Initial results from the STABLE II study indicate that a covered stent graft with a bare metal stent is safe and effective in treating acute, complicated type B aortic dissection. The results were presented at the Vascular Annual Meeting (9–11 June, National Harbor, USA) by Joseph Lombardi, Cooper University Hospital, Camden, USA.
“Management of complicated type B aortic dissection has greatly improved with endovascular therapy over the last decade, with improved survival and improved long-term remodelling,” Lombardi told the Meeting audience. He continued, “However, dissection following thoracic endovascular aneurysm repair (TEVAR) still has some challenges. Endografts are largely designed for aneurysm treatment and there is significant failure in the abdominal aorta with growth rates of 35–40%. Management of visceral aortic expansion is the most challenging of all secondary interventions.”
The STABLE II study is investigating the use of a composite device design—a covered stent graft (Zenith TX2 endovascular graft, Cook Medical) with a bare metal stent (Zenith dissection endovascular stent, Cook Medical). STABLE II is a prospective, non-randomised, multicentre study involving 73 patients (66% male, mean age 61 years) enrolled between August 2012 and January 2015 at institutions in the USA and Japan. The primary safety endpoint for the trial is the rate of freedom from major adverse events at 30 days and the primary effectiveness endpoint is the rate of survival at 30 days. Lombardi’s presentation at the Vascular Annual Meeting reported study data as of January 2016, with available follow-up exams in 97% and 85% of patients eligible for follow-up at 30 days and 12 months, respectively.
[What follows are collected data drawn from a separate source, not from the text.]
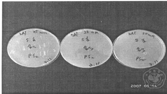
图 4 pDEST32-wS、pDEST32-pS、pDEST32-SHBs 与 pDEST22 共同转化 MaV203 后在不同浓度 3AT 培养基生长

按照 Invitrogen 公司酵母双杂交实验指南,将 pDEST32-wS、pDEST32-pS和 pDEST32-SHB s与 pDEST22 共同转化 MaV203,经过 3AT梯度实验证明,pDEST32-wS与 pDEST22 共同转化 MaV203后,在 28 mmol/L 3AT培养基中有微弱生长,在 30 mmol/L 3AT培养基中无生长;pDEST 32-SHB s和 pDEST32-pS2与 pDEST22 共同转化 MaV203后,在 28 mmol/L 3AT培养基中无生长(图 4)。
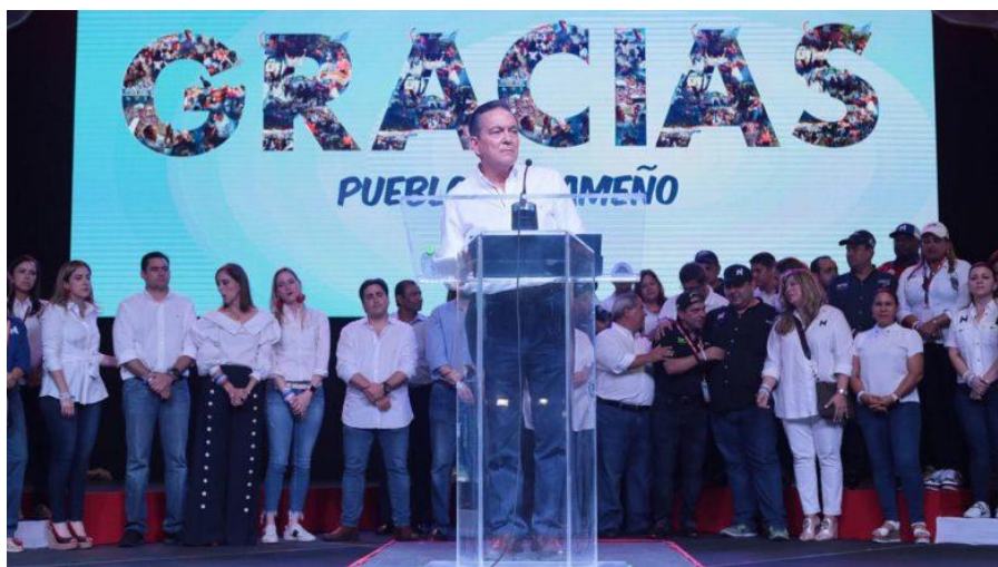
巴拿马总统科尔蒂索

【议会】国民大会为一院制，行使立法权。由71名议员组成。议员通过直选产生，任期5年。本届议会于2019年7月1日成立，各党派所占席位如下：民主革命党（执政党）35席，民主变革党18席，巴拿马主义党8席，民族主义共和自由运动党5席，无党派人士5席。国民大会主席马科斯·卡斯蒂列罗（Marcos Castellero，民主革命党），于2019年7月就职，于2020年7月再度当选连任，任期1年。
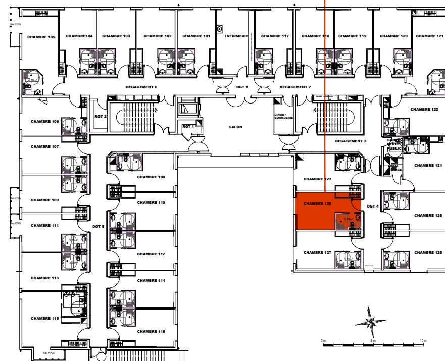
Plan de localisation R+1
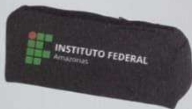
ITEM 05 ESTOJO ESCOLAR
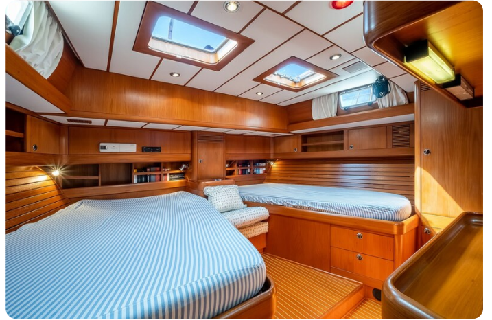
Indigo - Palma -34
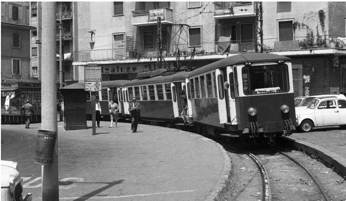
*) Nicht zu verwechseln mit dem Normalspur- Tramnetz von Rom
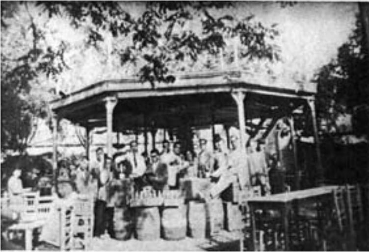
Imagen del “café–restaurant” ubicado en la parte baja del templete de la música en el Jardín–Feria en los años 1920.

explotación del establecimiento hostelero será un revulsivo para organizar la Banda ahora y posteriormente.
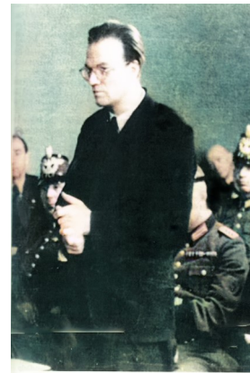
Alfred Delp vor dem Volksgerichtshof
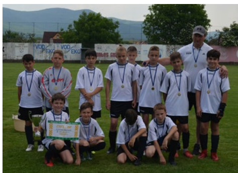
Po finále omajstra oblasti v kategórii mladších žiakov U13
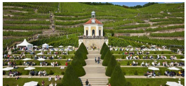
Sächsisches Staatsweingut Schloss Wackerbarth
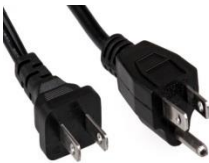
USA plug 110-120 can also be used in JAPAN USA bouchon 110-120 peut également être utilisé au Japon.
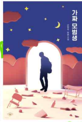
가짜 모범생 손현주 / 특별한서재

전교 1등 영재 코스만 밟아오던 쌍둥이 형이 스스로 목숨을 끊은 뒤, 엄마의 집착은 동생 선위에게 옮겨갔다. 자식이 우울증을 겪더라도 '1등'이라는 '완벽함'만 유지할 수 있다면 신경 쓰지 않는 엄마의 비뚤어진 관심 아래에서 선위는 자신도 형처럼 되지 않을까 불안해 한다. 성적 지상주의가 만연한 사회에서 청소년들이 성적보다 중요한 것이 무엇인지, 자신만의 길을 헤쳐나가는 데 필요한 공부는 무엇인지 고민해 보게 되는 책이다.
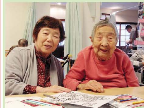
2人は、いつも仲良しです。
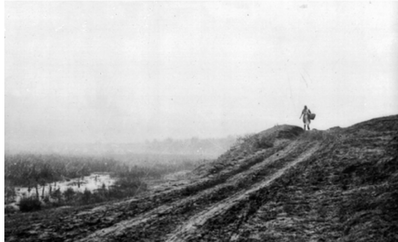
Siromaštvo: U Zagorju je više od 2.000 obitelji živjelo na posjedima od pola jutra zemlje

Pitanje kolonizacije bilo je teško tehničko pitanje. Međutim, prva je na red za
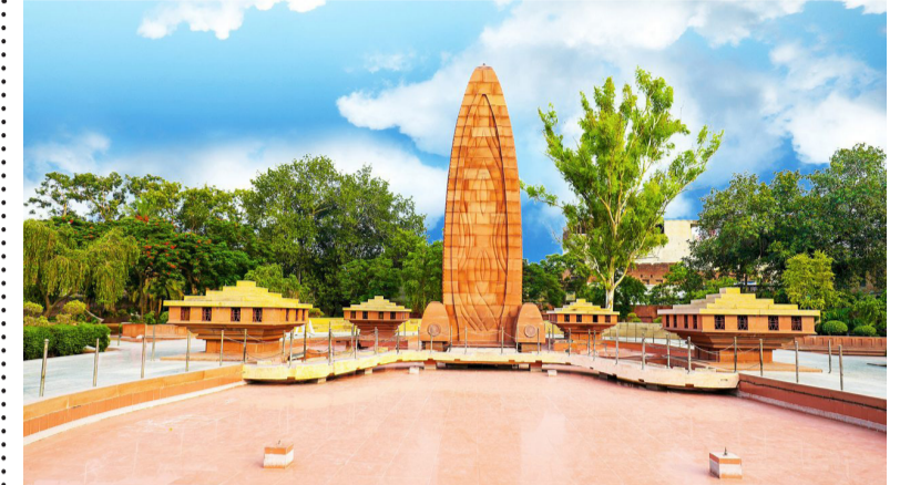
लोकशाही मूल्यांचे रक्षण करण्यासाठी सदैव सजग राहिले पाहिजे. 'स्मरण हेच खरे राष्ट्रभक्तीचे लक्षण आहे.' ज्यांनी आपले प्राण अर्पण केले, त्यांचे

हंटर आयोगाची स्थापना करण्यात आली. तथापि, या चौकशीत जनरल डायरवर कोणतीही कठोर कारवाई करण्यात आली नाही. ज्यामुळे भारतीय जनतेचा रोष आणखी वाढला. जालियनवाला बाग हत्याकांड हे केवळ एक दुःखद घटना नसून, ते भारतीय स्वातंत्र्यलढ्याचा एक निर्णायक टप्पा आहे. या घटनेने भारतीयाना एकत्र आणले आणि स्वातंत्र्य मिळवण्याचा त्यांचा निर्धार अधिक दृढ केला. आज जालियनवाला बाग हत्याकांड दिनानिमित्त आपण त्या निरपराध शहिदांना आदरांजली अर्पण करतो. त्यांचे बलिदान व्यर्थ गेले नाही; त्यांच्या त्यागांमुळेच आपल्याला स्वातंत्र्य मिळाले. या घटनेतून आपण अन्यायाविरुद्ध उभे राहण्याची प्रेरणा घ्यायला हवी आणि
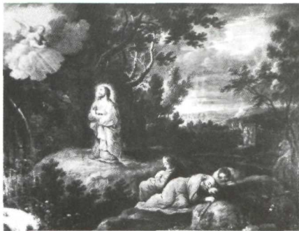
Abraham Willemsen: La Oración en el Huerto . El Henar. Segovia.
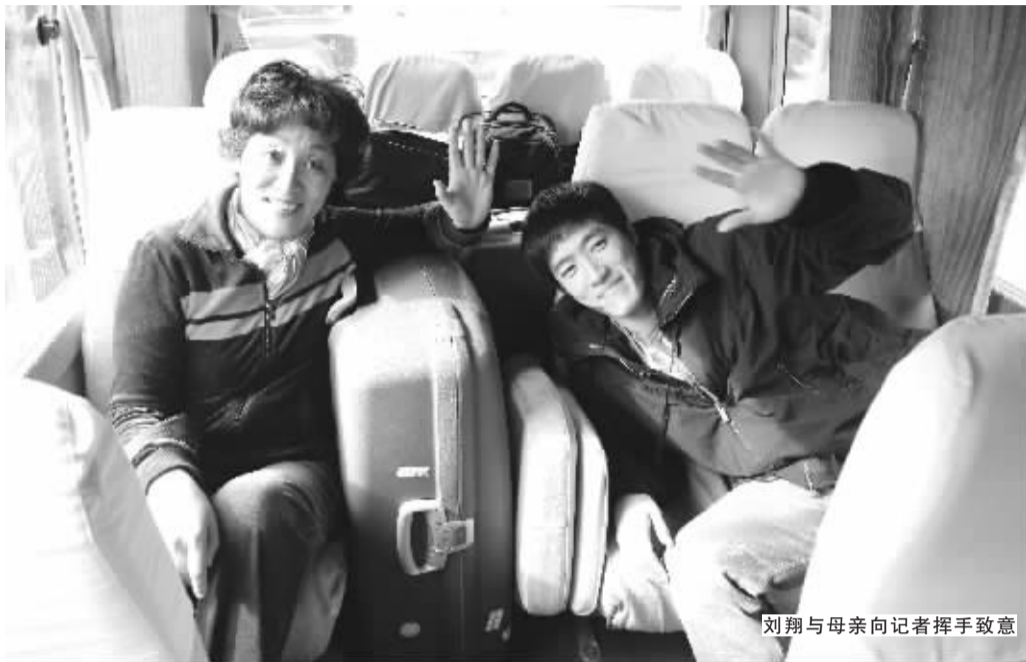
刘翔与母亲向记者挥手致意

手术成功充满信心,同时让这位母亲快活的是,从现在开始她可以跟儿子朝夕相处4个月了,“我很久没和儿子在一起待这么长时间了,很开心,(这个时候)我等了很长时间了!”
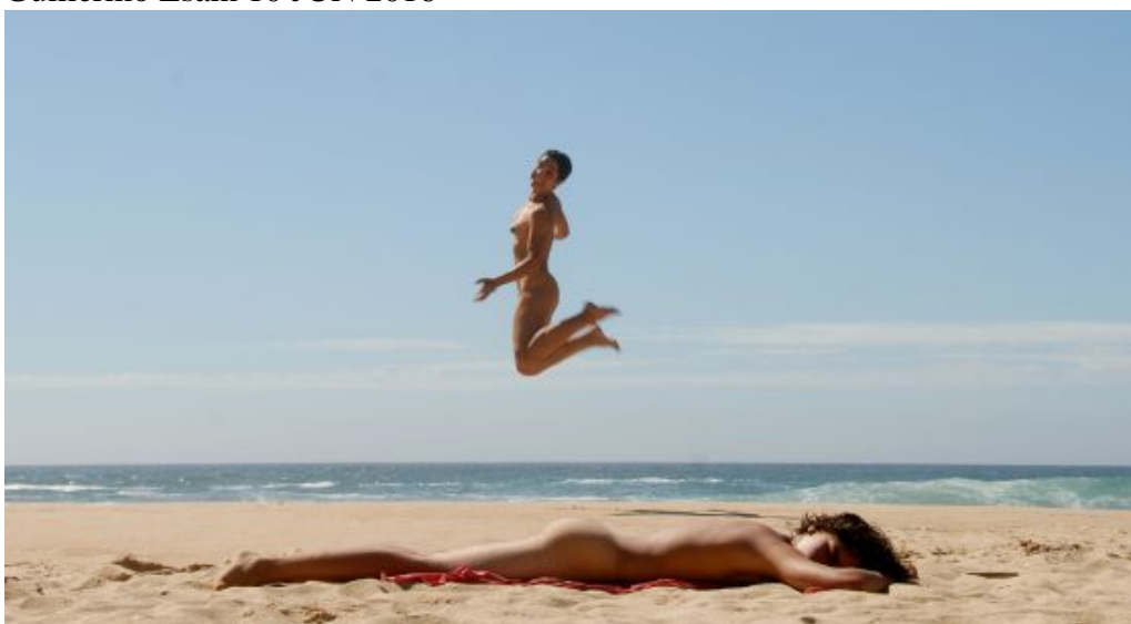
Dos mujeres en una playa nudista.

La más dichosa posesión del mundo. Así describe el poeta valenciano Francisco Brines la experiencia de desnudarse junto al mar. Es difícil imaginar otra inmersión tan íntima en la naturaleza. Curiosamente, los textiles se están asomando cada vez más a las playas nudistas más conocidas, y los naturistas asiduos, que rondan el medio millón en España, se lanzan a la búsqueda de nuevos paraísos particulares, como estos 12 que proponemos. La nueva frontera.
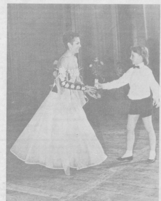
Цветы прекрасной даме.
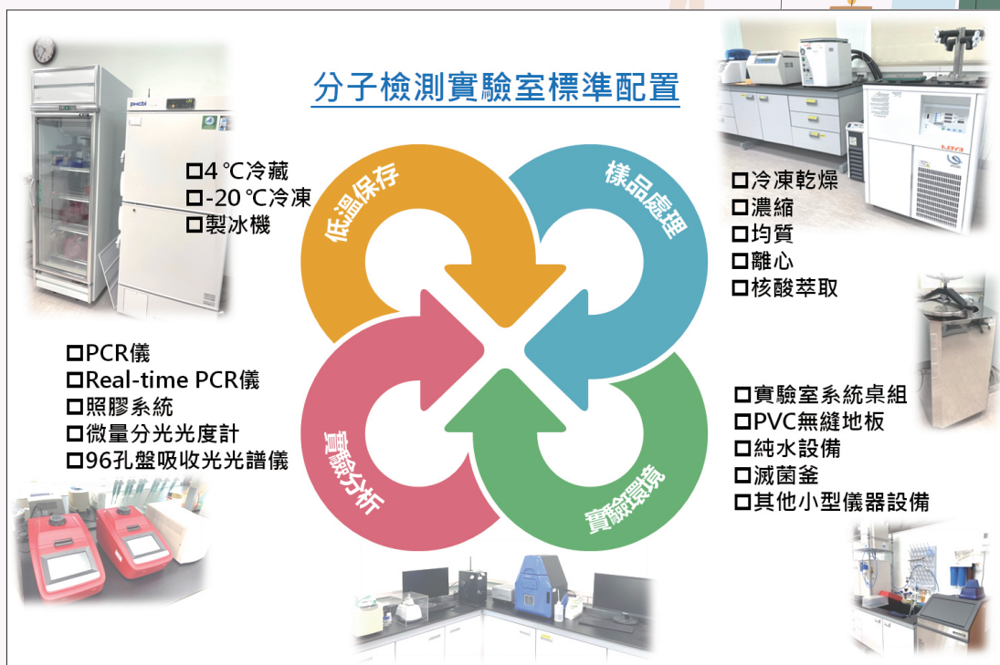
圖 2. Bio-Open Lab 之設備類型總覽。
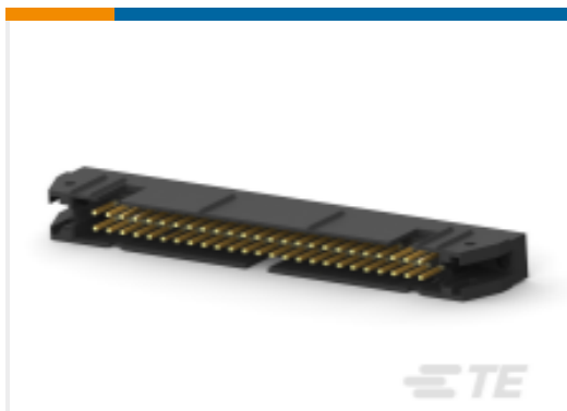
TE 产品编号1-5499141-0 AMP 锁门通用插头
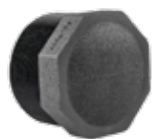
153 درپوش دنده ای
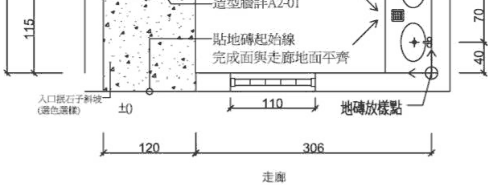
① 二樓女淋浴間整修平面圖
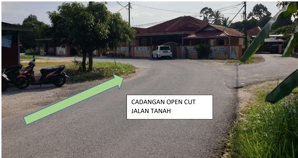
GAMBAR 8: KAWASAN KERJA MELIBATKAN JALAN TANAH.
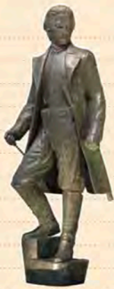
「佇立於五稜郭上的土方歲三」 (銅像 小寺真知子製作)

五稜郭春天伴隨著櫻花一同到來。 約1,500棵大正時代種植的染井吉野櫻一齊綻放。 初夏時會舉辦「箱館五稜郭祭」。 培里來日開啟了五稜郭歷史， 以該歷史為主題的維新志士隊伍會在街上遊行。 秋季到冬季期間的五稜郭， 腹地內樹葉盡凋， 呈現出清楚俐落的星形線條。 越發顯現其身為特別史蹟文化財產的份量。 12月起會舉辦「五稜星之夢」活動。 約有2,000個燈飾點綴在星形護城河邊。 五稜郭已然成為傳遞市民文化的中心。
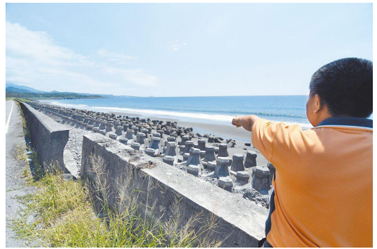
消波塊佔據的海岸線景觀

自然保育與環境資訊基金會 11 月 15 日公布「九大美麗海岸 2023 年現況踏查報告」，指出臺灣目前只有 23.3% 的海岸為純天然、沒有人工設施，其餘海岸則存在著消波塊、港口、風力發電機等人造設施，有的甚至被各種垃圾及海洋廢棄物佔據。根據研究，消波塊雖可阻擋海浪，但人工堤岸不僅無法聚集沙子，海浪的衝擊甚至會帶動消波塊加重侵蝕海岸，導致海岸線不斷後退，而為了阻擋海浪又再投放更多的消波塊，形成惡性循環。因此，該基金會建議政府使用生態工法來保護海岸，例如天然竹籬、離岸潛堤等，並呼籲政府應落實「自然海岸零損失」政策，與民間的力量結合，共同努力來保護臺灣美麗的海岸。
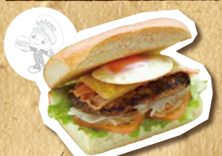
佐世保バーガーカメリア風 フライドポテト付 1,350円(税込)
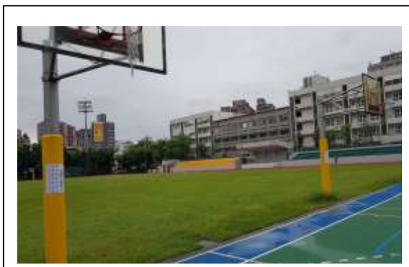
說明:在運動場張貼垃圾不落地公告向民眾宣導愛護環境
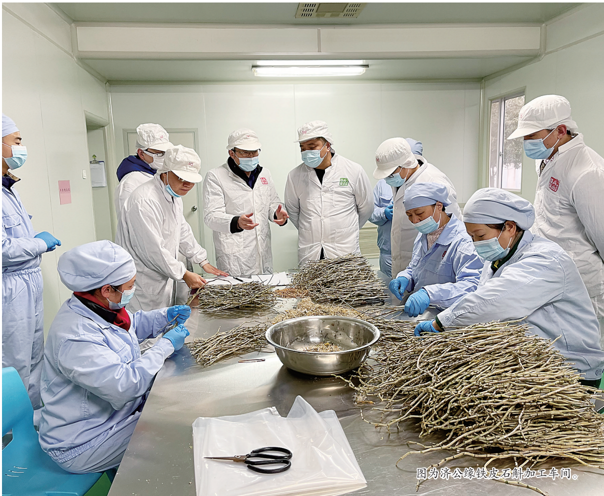
图为椒江公缘铁皮石斛加工车间。

除了资源丰富外,我市保健食品产业基础也十分雄厚。据了解,我市目前共有规模以上保健食品生产企业7家,其中天台4家,玉环2家,椒江1家,产值约为15亿元。虽然保健食品生产企业在数量上不占优势,但我市规上医药企业126家,其中上市医药企业19家,数量居全省第一,这些企业拥有保健食品研发技术、相关研究基础和研发条件,其中七成以上有进军保健食品行业的意愿,产业发展潜力巨大。
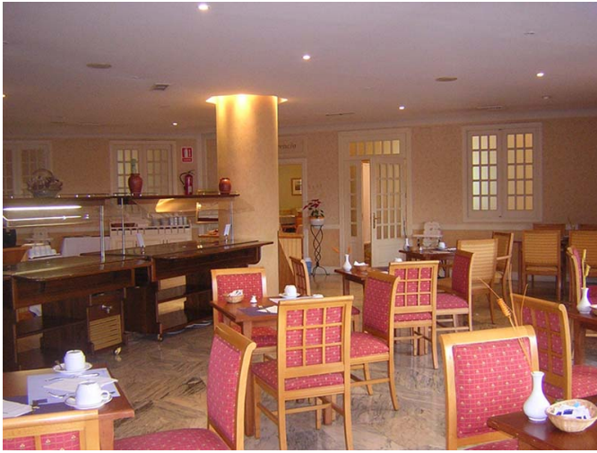
Zona de comedor
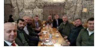
TSO EKİBİ ZİYARETLERDE
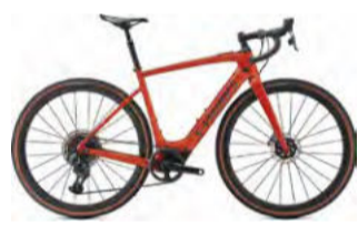
S-Works Turbo Creo SL 1,485,000円(税込) 上り道を平らに感じさせ、向かい風も余裕で進める爽快なロードバイクタイプ。
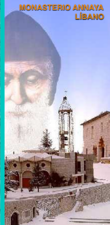
MONASTERIO ANNAYA LÍBANO
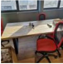
Table rectangulaire plateau bois piétement métal, 5 Sièges sur roulettes, Paperboard, Carton de fournitures Mise à prix : 100 €
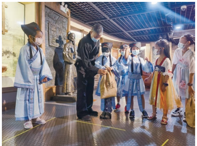
杭州京杭大运河博物馆的小书童体验搬运粮食
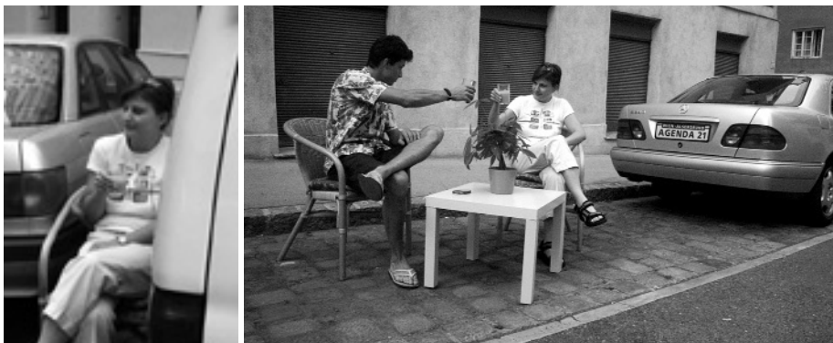
Für frei werdenden Parkraum haben wir bereits Ideen für alternative Nutzungen ...

träge des VCÖ (Verkehrsclub Österreich). Je nach Bedarf stehen Ihnen zwei verschiedene Typen zur Verfügung: Haben Sie bereits ein Auto, gibt es einen Mitbenutzungsvertrag, der Haftung, Abrechnung und das Verhalten bei Unfällen und

Patients presented with branch vessel obstruction/compromise (73%, 53/73), aortic rupture (22%, 16/73), or both (5.5%, 4/73). A covered stent graft main body was used in all patients (median one graft, range 1–3; one stent graft used in 71%, 51/73). A bare dissection stent was used in 58 of 73 patients (80%). Lombardi explained that the main reasons for not using a bare dissection stent included in cases of limited dissection and an absence of false lumen flow.
Lombardi reported that five deaths (6.8%) occurred within 30 days (due to presenting aortic dissection, ischaemic bowel, multiple organ failure, stroke, and aortic rupture). Thirty-day major adverse events included one case of myocardial infarction, one bowel ischemia, five strokes, four cases of paraplegia/paraparesis, seven cases of chronic renal insufficiency/renal failure requiring dialysis, and 10 situations requiring prolonged ventilator support.
From day 31–365, nine deaths occurred (one of which was related to dissection repair) and a further three patients experienced major adverse events (two with chronic renal insufficiency/renal failure requiring dialysis, and one with both stroke and bowel ischaemia). Within 12 months, nine patients underwent secondary interventions; no patients required conversion to open surgery.
Mean true lumen diameter increased from 22.3mm to 33.8mm in the descending thoracic aorta and from 18.4mm to 25.8mm in the abdominal aorta from pre-procedure to 12 months. Concomitantly, the mean false lumen diameter decreased from 18.4mm to 8.6mm in the descending thoracic aorta and from 15.3mm to 12.3mm in the abdominal aorta. Growth (>5mm) of the maximum transaortic diameter was seen in 11% (5/45, thoracic) and 17% (7/41, abdominal) of patients at 12 months.
“I think the big thing here is reintervention. It is facile with the device, and you can get access to a target vessel with a narrow false lumen and then intervene to shut down re-entry flow,” Lombardi explained.
“These preliminary results from the STABLE II study appear favourable in terms of clinical and anatomical outcomes for the treatment of acute chronic type B aortic dissection,” concluded Lombardi.
Discussing which patients should not be offered this treatment, Lombardi said, “The majority of the investigators hesistated to put a dissection stent where the dissections were focal and exclusive only to the thoracic aorta. In addition to that, perhaps rupture situations do not require a dissection stent and that is one area where I probably would not put one in.”
In response to a question from the audience as to whether use of a bare metal stent should be considered standard of care following reperfusion, Lombardi said, “I think now we are starting to see that TEVAR does not prevent aneurysm formation, and we are seeing 30–40% growth in the abdominal aorta, specifically in the visceral component, which is very difficult to deal with afterwards. Having that dissection stent there really makes it a lot easier, as you can get access to the visceral vessels and you can exclude the false lumen much more easily. I do not think it is an end all be all, but I think it takes you out of the rough and puts you on the fairway for a better shot.”